## Required work
Whenever a line of the entries below holds the string "hito", copy that line and return it.

## Records for this exercise
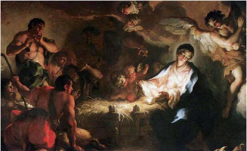
L'adoration des bergers , tableau d'Antonio Balestra, 1707

Il faudra cependant sept autres années avant que Le Messie soit joué sous son titre véritable; en effet, pour ne pas choquer les dévots, on le donnait sous le nom de A Sacred Oratorio . C'est, plus que la musique, le sujet de l'œuvre et le lieu où on la présente, Covent Garden, qui choquent l'esprit puritain de certains Londoniens. Handel la dirige également chaque année au Foundling Hospital, avec le grand castrat Gaetano Guadagni – un des rares de son espèce à avoir adopté un nouveau style plus sobre et pouvant chanter en anglais – dans le rôle de l'alto, et au profit de cette institution qui s'occupe des enfants abandonnés. Cette générosité n'est pas étrangère à l'adoption définitive de l'œuvre par les Anglais, et c'est à partir des dernières années du compositeur qu'elle deviendra vraiment populaire, au point même d'éclipser pour plus d'un siècle presque toutes ses autres compositions, tous genres confondus.
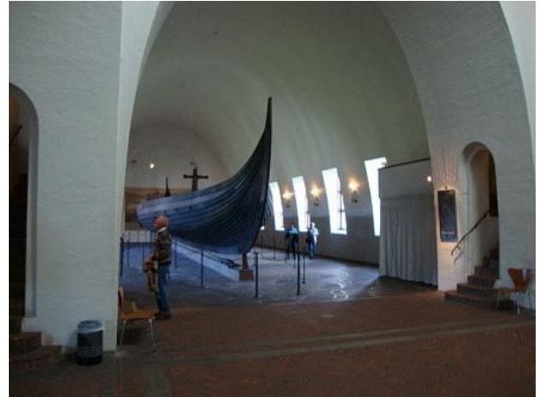
Museo Navi Vichinghe

oppure il traghetto 91 dal molo Radhusbrygge e poi proseguire a piedi.
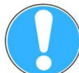
6.14. vispārīgā rikojuma zīme (lieto kopā ar citām zīmēm)
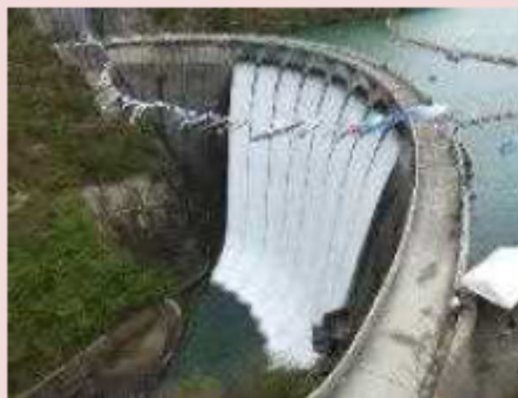
なるこ ①鳴子ダム 【宮城県大崎市】
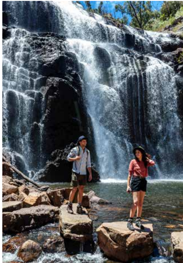
Mackenzie Falls courtesy of Parks Victoria.

南グランピアンズを訪れますか？ハミルトン地域は、ワノン川にあるワノン滝とニグレッタ滝の2つの滝へ向かう拠点です。
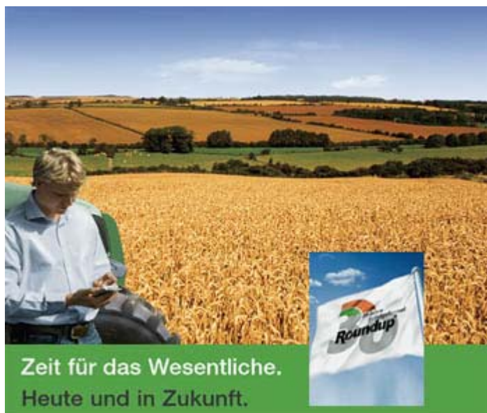
Blühende Landschaften –aussterbende Amphibien? Werbung von Monsanto
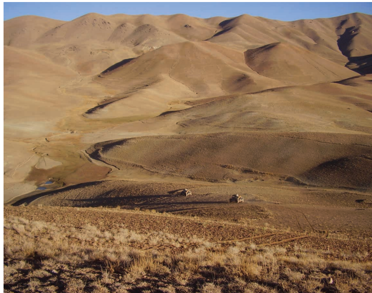
Patrulis. Vieniši begalybėje ir amžinybėje.

Blogai būna, kai vėjas pučia iš vakarų. Tada nuo dulkių miestelis dūsta. Visi kuo greičiau lenda į palapines. Sargybiniams, ypač vakariniuose bokšteliuose, kliūva daugiausia – pakilimo takas vos už keliolikos metrų. Muistosi jie. Dangsto akis rankomis, maukšlina ant veidų žalsvas skareles... Iš tikrųjų daro taip ne dulkių saugodamiesi – tai įprasta kasdienybė, o tiesiog dėl pasitaikiusios progos pajvairinti
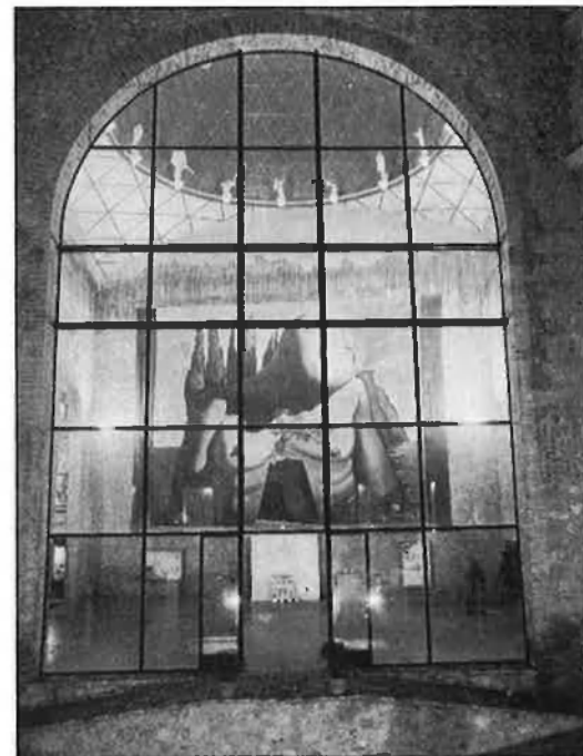
Museu Dalí de Figueres.
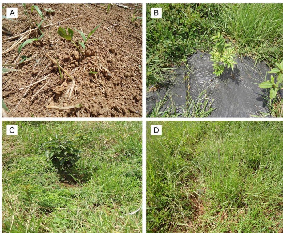
FIGURA 2: A) Plantio de mudas de Arachis ; B) Manta plástica; C) Semeadura a lanço do cultivar estilósantes Campo Grande e D) testemunha.
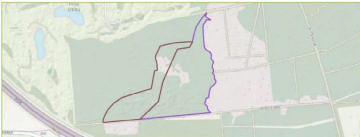
Figuur 2. Schematische weergave van de toekomstige situatie in het plangebied. Het paarsomlijnde gebied wordt heide. Het bruin omlijnde gebied wordt bosheide.
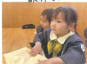
できたら先生に できたよアポロレ♡
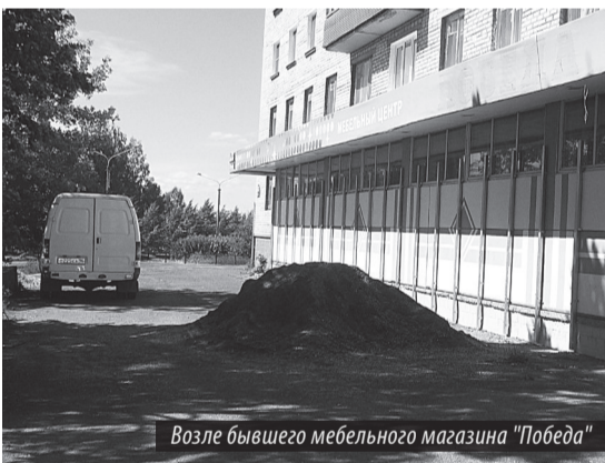
Возле бывшего мебельного магазина «Победа»

В свою очередь чиновники ссылаются на то, что загрузку помещений общественного значения можно выполнять, в том числе со стороны улиц (магистралей). Но никакой магистрали, по словам жильцов, возле их дома, откуда открывался шикарный вид на парк, раньше никогда не было. Вместо нее цвели деревья, в кронах которых без умолка щелкали птицы. Злостную дорожку проложили вопреки СНИПу 2.07.01-89, п. 9.3, категорически запрещающему ее прокладку в зеленой зоне города. Путем варварского отношения уничтожены роскошные яблони, чья высота достигала уровня третьего этажа дома. Они прекрасно защищали окружающую среду от грязи и пыли, блокируя вредные запахи. Кроме того, внедряемый проект с
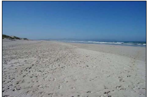
bleu de plage...

des prairies rousses coule et danse la rosée cœur de nuage
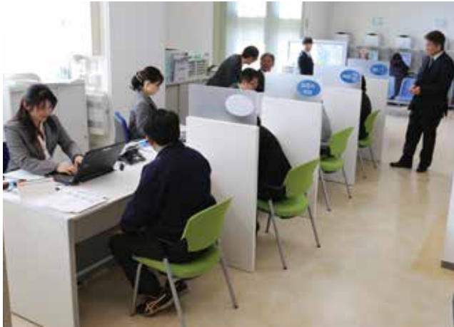
加西市ふるさとハローワークの職業相談コーナー

加西市は、「5万人都市の再生」に向けて、計画的に安定した財政運営を持続させながら、人口増施策に積極的に取り組んでいます。
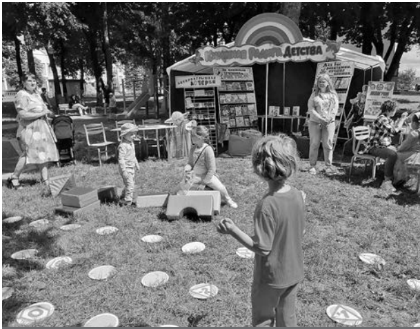
Библиоплощадка «Книжная радуга детства». 3 июля 2024 г.
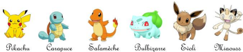
Parcours des moyens
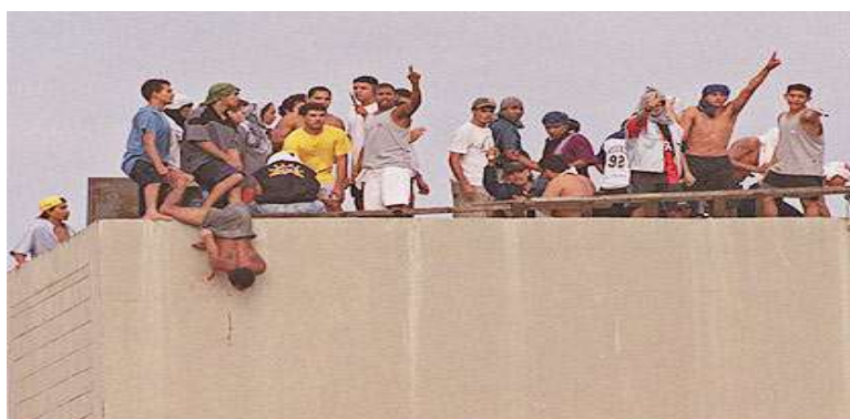
Figura 1 - Penitenciária Urso Branco, de Porto Velho/RO.

a) Penitenciária Urso Branco, de Porto Velho/RO (Figura 1) - 2002, 2004, 2005, 2008, 2009 e 2011: de acordo com a Corte Interamericana de Direitos Humanos, o Estado não cumpriu sua obrigação de proteger a vida e a integridade física dos detentos da Penitenciária Urso Branco, pois não tomou as medidas de segurança necessárias para evitar os assassinatos ocorridos dentro do presídio. As vítimas dos homicídios estavam sob custódia do Estado, portanto, as condições de vida e detenção dos detentos dependem das decisões das autoridades estatais (Corte IDH, 2004).
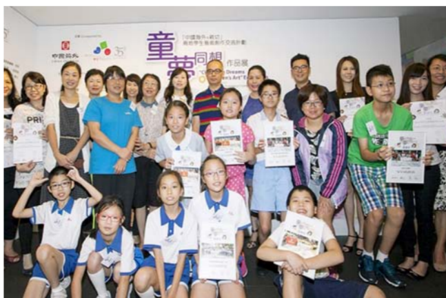
近日,由中国海外集团与儿童共融慈善机构合办的“童梦同想”——两地学生艺术交流计划结束,并于香港湾仔动漫基地举行作品展。活动汇集了来自香港、内地1400余名小朋友,完成了117幅大型拼贴作品。(钟 海)
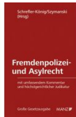
Fremdenpolizei- und Asylrecht Ladenpreis: 240,00EUR
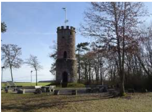
Der Wartturm bei Buchen

Zum Start der Etappe wandern wir an den Stadtrand von Buchen und durch die offene Feldflur erreichen wir
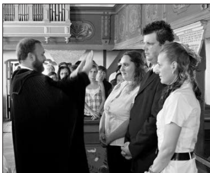
A szalóci konfirmandusok megáldása

ként – valósággal a gyülekezet lelkeként – szeretettel, odafigyeléssel és törődéssel szolgált. A köszöntés utáni szeretetvendégségen jó volt elbeszélgetni életéről, be-
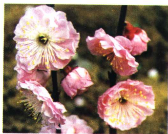
送春 (杏梅系杏梅类送春型)
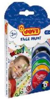
CREMA MAQUILLAJE 6 BOTES 8 ML REF 35-171
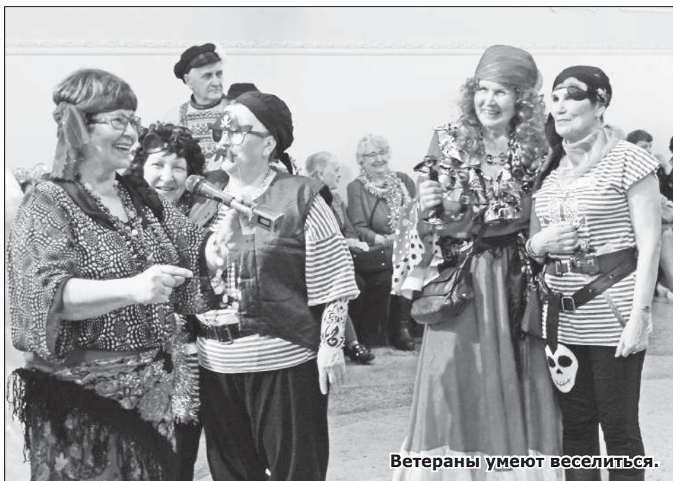
Ветераны умеют веселиться.

Валентина КАЛУГИНА, пресс-центр городского совета ветеранов.
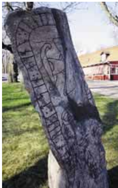
Runstenen vittnar om att Berga gård ligger på historisk mark.
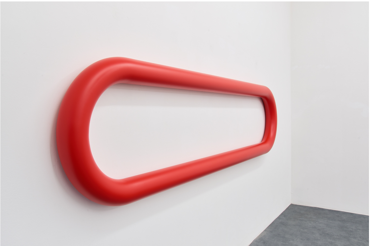
Tobias Hoffknecht, Little Mishap, steel and varnish ral 3020, 84x300x14, 2021
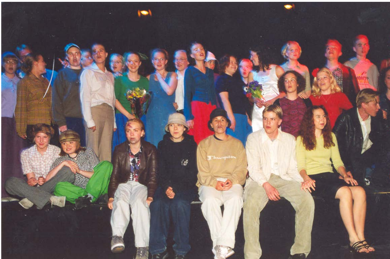
Varkauden lukion opiskelijoita Showtime-musiikkiteatteriesityksen jälkimainingeissa 2002

Teatteritaiteessa tapahtui aktivoituminen 1990-luvun alussa. Lukuvuoden 1990–91 joulukuussa koulun näytelmäkerho esitti "Pikku prinssin". Näytelmä sisälsi myös oppilaiden esittämää musiikkia. Lukuvuonna 1992–93 lukion ilmaisutaidon ryhmä esitti näytelmät "Skin" ja Ulle Vaarnamon "Zikhi bara nastar".
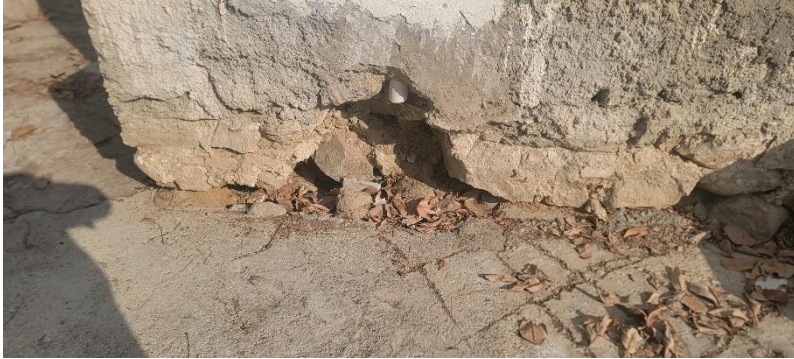
تصویر ریخته گی در قسمتی از تهداب ساختمان حرمسرا
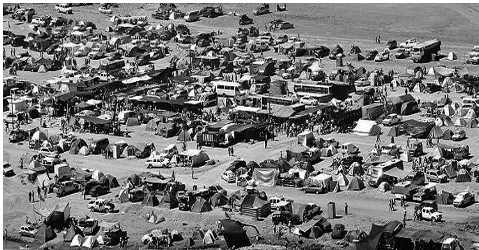
El sábado por la tarde hubo unas ocho mil personas en el hito del Cerro Campanario.

El pasado 5 y 6 de febrero, se realizó en el hito fronterizo del Paso Internacional El Pehuenche, el «51° Encuentro Binacional» en el límite de Argentina y Chile, al pie del Cerro Campanario.
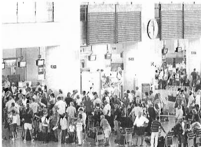
Pasajeros haciendo cola en el aeropuerto de Málaga.

En Jerez de la Frontera se contabilizaron 613.139 viajeros,

## Result of the task
El sábado por la tarde hubo unas ocho mil personas en el hito del Cerro Campanario.
El pasado 5 y 6 de febrero, se realizó en el hito fronterizo del Paso Internacional El Pehuenche, el «51° Encuentro Binacional» en el límite de Argentina y Chile, al pie del Cerro Campanario.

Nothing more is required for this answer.